BACKGROUND: Atrial septal defect (ASD) is a common congenital heart disease. For this condition, surgical treatment can be required depending on the size and type of ASD. This study included a case of a patient who complained of persistent dyspnoea after the surgical treatment for ASD. CASE
SUMMARY: A 16-year-old girl who underwent a surgical patch closure for ASD at the age of 2 years presented to the emergency department and was diagnosed with acute stroke. Since childhood, she had suffered from exertional dyspnoea due to an unknown cause. Transthoracic echocardiography revealed normal chambers size and function and no signs of right heart strain. Transoesophageal echocardiography (TOE) revealed a misplaced interatrial patch from the previous surgery, which allowed the whole blood to flow from the inferior vena cava (IVC) to the left atrium (LA), creating a large right-to-left shunt that resulted in stroke and heart failure. The patient underwent surgical treatment, and her symptoms improved significantly. Six months later, she was doing well without neurological complications and dyspnoea. DISCUSSION: This patient experienced stroke at the age of 16 years and had been suffering from heart failure since childhood. A large right-to-left shunt flow from the IVC to the LA by misplaced interatrial patch was found using TOE, right-sided heart catheterization, and inferior caval venography. This diagnosis should be considered in patients complaining of persistent dyspnoea with hypoxia after the surgical repair of ASD.

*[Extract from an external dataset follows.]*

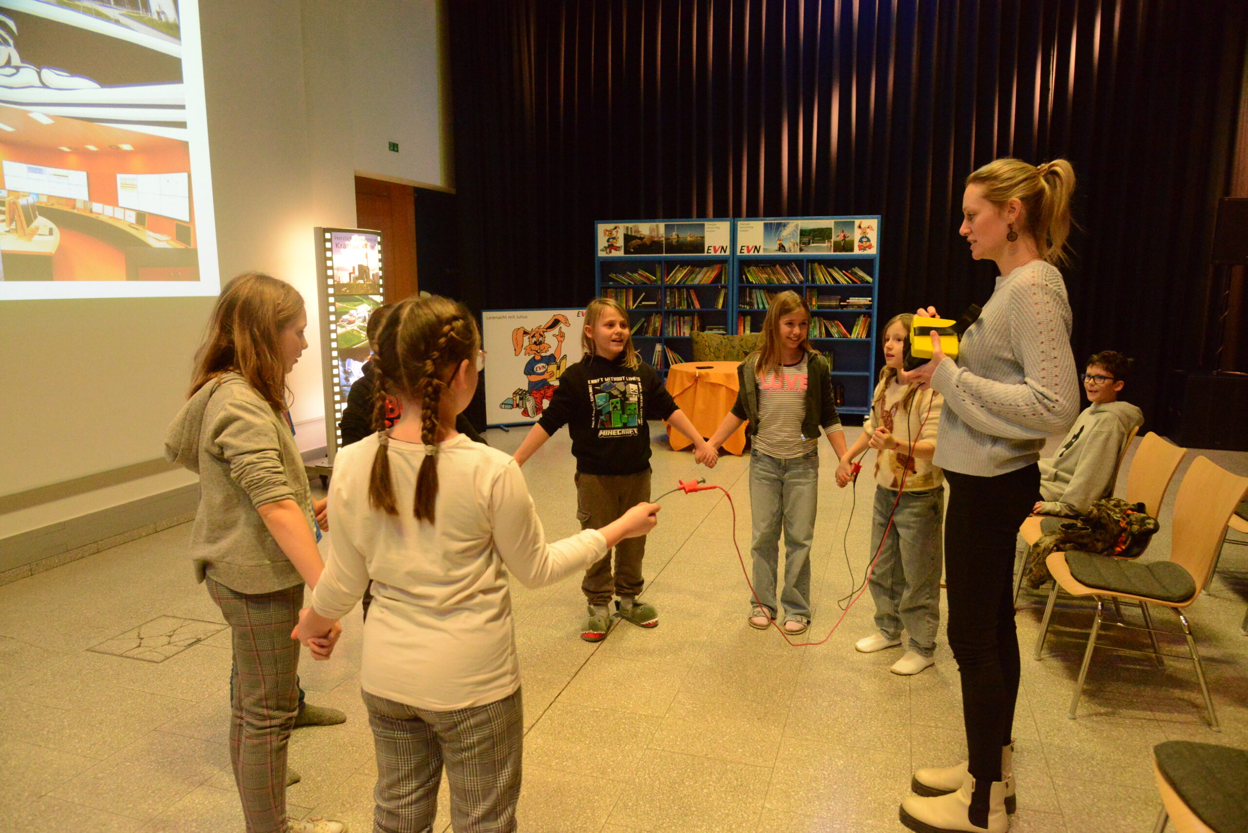 Am 10. Februar war es endlich so weit: Die Kinder der vierten Klasse verbrachten eine erlebnisreiche, spannende und aufregende Lesenacht im Kraftwerk Theiß. Nach einem interessanten Vortrag über Energie durften wir uns bei einem Abendessen stärken. Anschließend erfolgte die Nachtwanderung mit Taschenlampen zur 43 m hohen Aussichtsplattform mit Blick über das Tullnerfeld bis nach Krems sowie die Kinderdisco mit Kindersekt und Popcorn. Vor dem Einschlafen durften die Kinder noch in ihrem Lieblingsbuch lesen. Nach der Übernachtung in Schlafsäcken und guten Frühstück fand ein Rundgang durch das Kraftwerk statt. Am Vormittag konnten die Kinder auch noch zahlreiche spannende Experimente zum Thema Strom durchführen und ein wenig Zeit mit niedlichen Kaninchen verbringen. Die Lesenacht war für die SchülerInnen ein unvergessliches Erlebnis!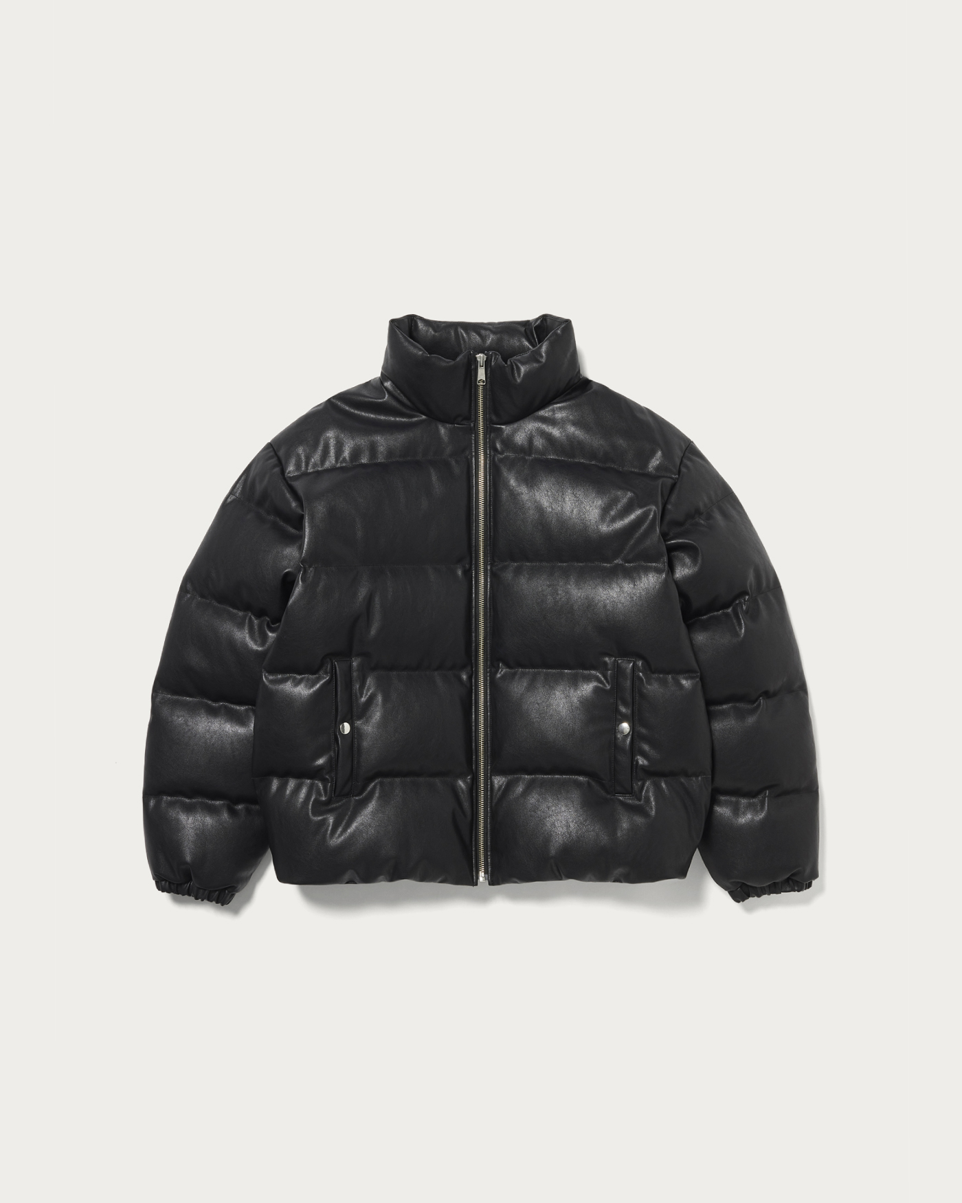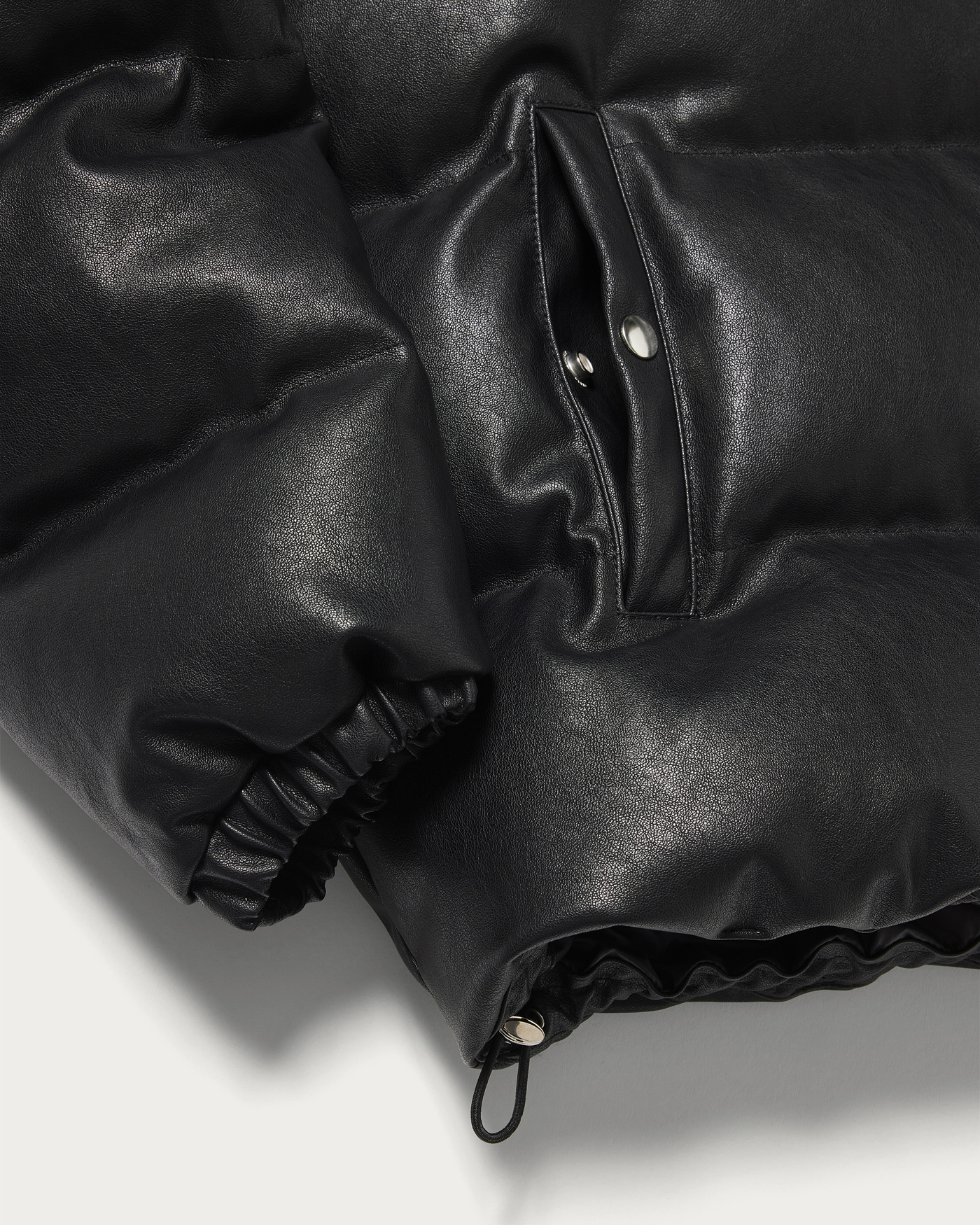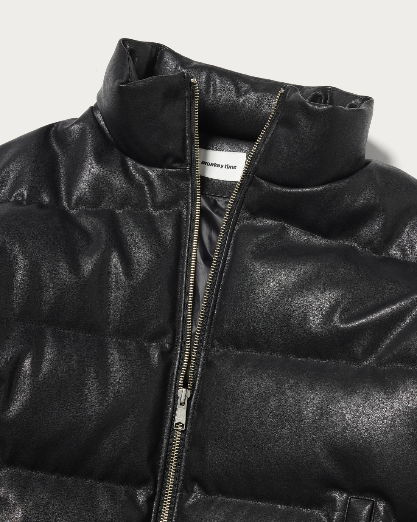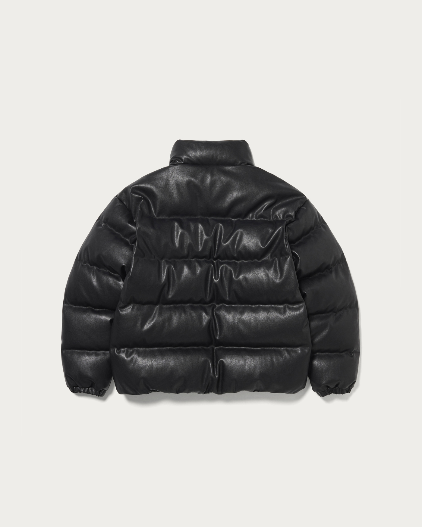 A down jacket made with leather-like material. This outerwear is designed to keep you warm by securely enclosing the down, while also providing a stylish lift in appearance. In addition to last year's popular black, this season we are also offering a new color: dark brown.

Clinical evaluation subsequent to surgical closure for atrial septal defect should assess for signs of embolic events, arrhythmia, and dyspnoea.

It is important to understand the need of further evaluations to achieve an accurate diagnosis in patients complaining of persistent dyspnoea after surgical treatment for congenital heart disease.

Introduction

Atrial septal defect (ASD) is a common congenital heart disease in adults. Although device closure has increased over the past few decades, surgical treatment is still an important option for some patients, depending on the size and type of ASD. This study included a case of a patient who complained of persistent dyspnoea after the surgical treatment of ASD, with no causative findings on transthoracic echocardiography (TTE).

Case presentation

The patient was a Korean female who was diagnosed with ASD at the age of 18 months and underwent surgical patch closure. She regularly visited the outpatient clinics of the cardiothoracic surgery department until she was 5 years old and was later lost on follow-up. When she was a child, she was less active than the other children her age. In her school days, she experienced shortness of breath even during light physical activities such as climbing stairs. Because the dyspnoea persisted, with cyanosis appearing on her lips and nails during activity, she presented to other hospitals at the age of 10 and 15 years; however, examinations, such as TTE and chest contrast-enhanced computed tomography (CT), failed to demonstrate a specific cause of her symptoms.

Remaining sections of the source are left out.